Read examples of how B2C companies are winning at customer engagement from initial acquisition to engagement.
Customer acquisition is a vital part of a successful business, but it’s only the first part of the story. The second—and even more important—part is ensuring those first-time customers turn into repeat customers. This is what customer engagement is for. Customer engagement is all about building connections and creating relationships with consumers, with the goal of increasing customer loyalty and maximising customer retention.
Boosting Customer Engagement
Customer engagement builds on and is related to another core concept in marketing: the customer experience. Improving the experience that customers have when they interact with your business is important for very obvious reasons.
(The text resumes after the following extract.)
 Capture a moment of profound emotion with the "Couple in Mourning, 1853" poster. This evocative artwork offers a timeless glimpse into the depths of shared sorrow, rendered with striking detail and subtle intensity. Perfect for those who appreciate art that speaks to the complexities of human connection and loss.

When customers have a good purchase experience, they’re more likely to make repeat purchases and more likely to recommend the company to family and friends. A key factor in customer engagement is the customer journey and whether this has a negative or positive impact.
Engaging customers is partly about ensuring they have good experiences when they interact with your company or brand. The more important part is about building good long-term relationships with customers. That’s something that needs more than just good customer service. To build a loyal and engaged customer base, you need to provide people with opportunities to interact with your brand. Interactions drive emotion, and it’s emotion that ultimately drives both first-time and repeat purchases.
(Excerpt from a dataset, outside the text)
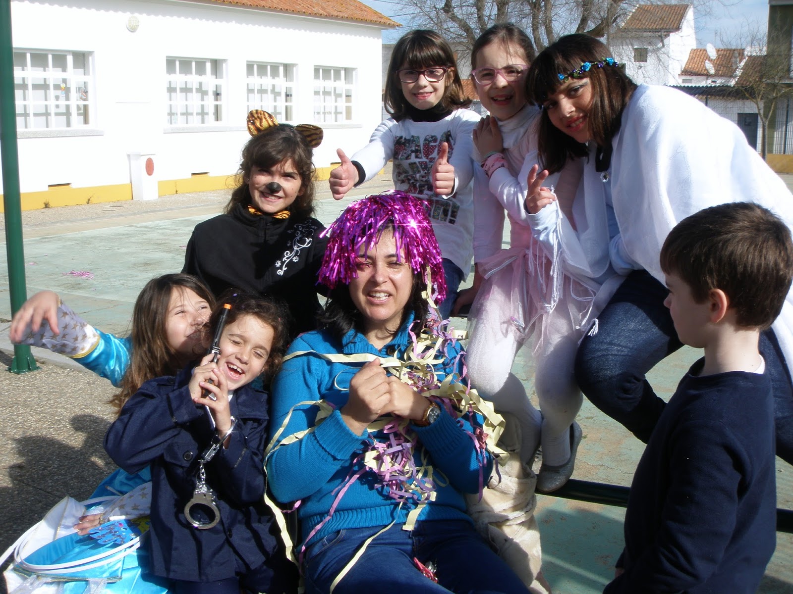 Olá a todos! Hoje desfilámos pelas ruas da nossa aldeia. Os nossos familiares também nos acompanharam e a Junta de Freguesia ofereceu um lanche a todos, após o desfile.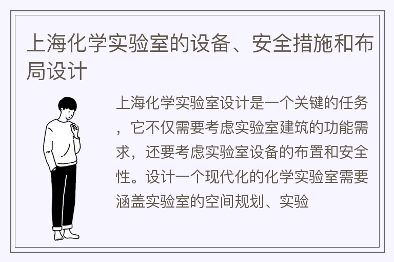 上海化学实验室设计是一个关键的任务,它不仅需要考虑实验室建筑的功能需求,还要考虑实验室设备的布置和安全性。设计一个现代化的化学实验室需要涵盖实验室的空间规划、实验......【点击详情】

Use social media to put a face on your brand
Emotion is an extremely strong factor in driving purchases and creating brand loyalty, but consumers tend to find it difficult to feel strong emotions about a company or brand. It takes time to build the kind of long-term emotionally-driven relationships that lead to brand loyalty. Well-established brands that have put in the time are already reaping the rewards, but new competitors have to resort to other strategies.
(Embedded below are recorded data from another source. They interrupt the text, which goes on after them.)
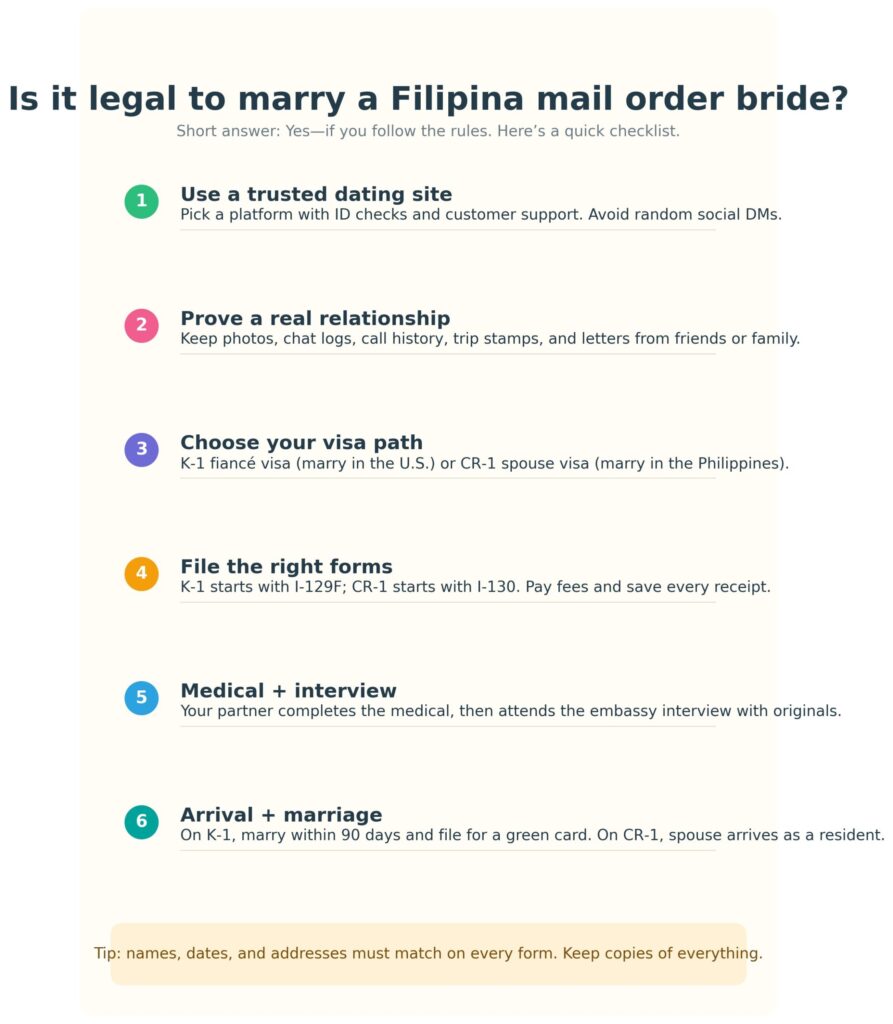 Pick your path early. K-1 fiancé visa if you plan to marry in the U.S.; CR-1 if you marry in the Philippines first. Build proof of a real relationship: photos together, boarding passes, chat logs, money wires, letters from friends or family. For K-1, file I-129F, watch notices, then your partner completes medicals and an interview at the embassy. After entry, you have 90 days to marry and then file for a green card. For CR-1, marry first, file I-130, complete the NVC steps, and your spouse enters as a permanent resident. Keep names, dates, and addresses the same across forms. Save copies of everything. Set a small monthly fund for fees and travel so costs don’t stall your plans.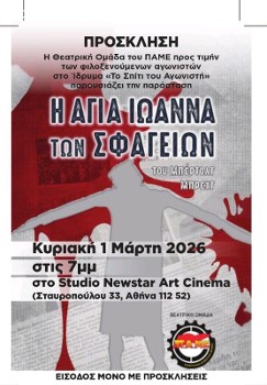Την παράσταση «Η Αγία Ιωάννα των Σφαγείων», του Μπ. Μπρεχτ, παρουσιάζει η Θεατρική Ομάδα του ΠΑΜΕ προς τιμήν των φιλοξενούμενων αγωνιστών στο ίδρυμα «Το Σπίτι του Αγωνιστή».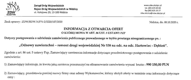 Dnia 08.10.2020r. komisja odbiorowa w składzie: Tomasz Węgrzynowski – Wójt Gminy Rybno, Wiesław Szczawiński – koordynator UG Rybno, Henryk Wiśniewski – Sołtys Sołectwa Rybno, Leszek Rolka – mieszkaniec ul. Nowomiejskiej w obecności przedstawiciela ZGK w Rybnie dokonała odbioru i przekazała drogę do użytkowania.

One of the most effective strategies is to give a company or brand a personality—to put a human face on the brand to help people relate to it more strongly. Social media has proven to be a highly effective medium for this purpose, as a number of big brands have shown in recent years. And even smaller ones are making names for themselves by injecting some fun into their social media personas.
When developing a brand persona, be sure to consider what kind of persona your customers are likely to respond to. This isn’t a one-size-fits all approach and it’s important to remember that your brand persona is one that your customers must find likeable in order for it to be successful.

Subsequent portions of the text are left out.